Some of the A1’s engines are noisier than others. Choose the 1.0-litre petrol and try to work it hard - as you’re likely to need to – and you’ll hear a raspy three-cylinder warble as the revs rise. The 1.6 diesel is worse again; it’s gruff even when it’s idling, and this turns into an unpleasant clatter as you work it harder. It doesn’t calm down much once it’s warmed up, either.
Fortunately the 1.4-litre petrol has a calmer character, regardless of whether you’re going for the 123bhp option or the 148bhp version, which shuts down half of its four cylinders when you’re cruising at a steady speed to save fuel.
You’ll hear more road and suspension noise as you go further up the range to versions with larger wheels and the more extreme suspension set-ups; however, the A1 does a better job of keeping these in check than many other small cars.
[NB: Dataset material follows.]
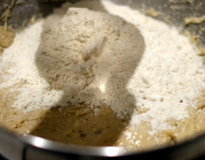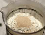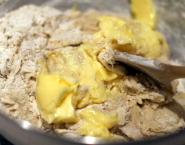 Meng de gist met de bloem. Doe een beetje bloemmengsel in de pan en klop goed, zodat er veel lucht in het deeg komt. Klop er om te beginnen het bloemmengsel met een garde door. Roer wanneer het mengsel te stijf is verder met een houten lepel. Voeg tot slot de boter toe en kneed die met je handen door het deeg tot alles goed gemengd is.

There’s a bit of wind noise from around the door mirrors when you’re cruising at motorway speeds, but it’s no worse than you’ll find in many rivals.
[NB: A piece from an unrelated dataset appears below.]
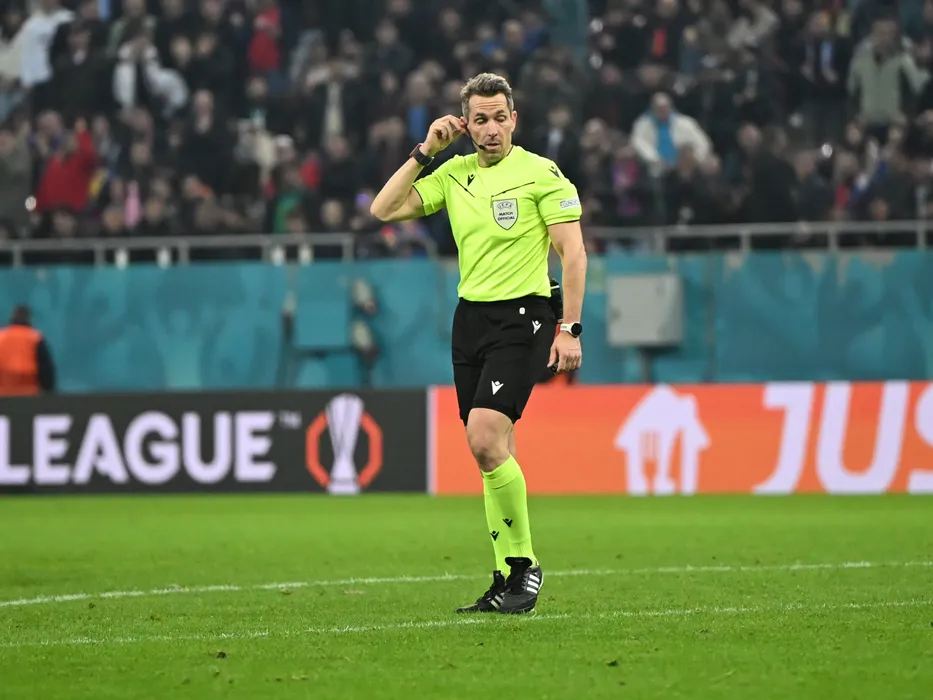 Arbitrul central Tobias Stieler reacționează in meciul de fotbal dintre FCSB si Olympique Lyon, din cadrul UEFA Europa League, desfasurat pe Arena Nationala din Bucuresti, joi 6 martie 2025. © FOTO:Razvan Pasarica/SPORT PICTURES

All of the manual gearboxes have a slick enough shift, and the optional S tronic automatic ’box changes gear quickly and smoothly; the only time you may find it a bit jerky is during low-speed manoeuvres, such as parking.
The S1, meanwhile, is more bullish altogether about its performance potential. The exhaust note from its potent 2.0-litre engine is more gravelly – but then, it is a hot hatch, so that’s as it should be, and it’s never so loud that it becomes genuinely tiresome.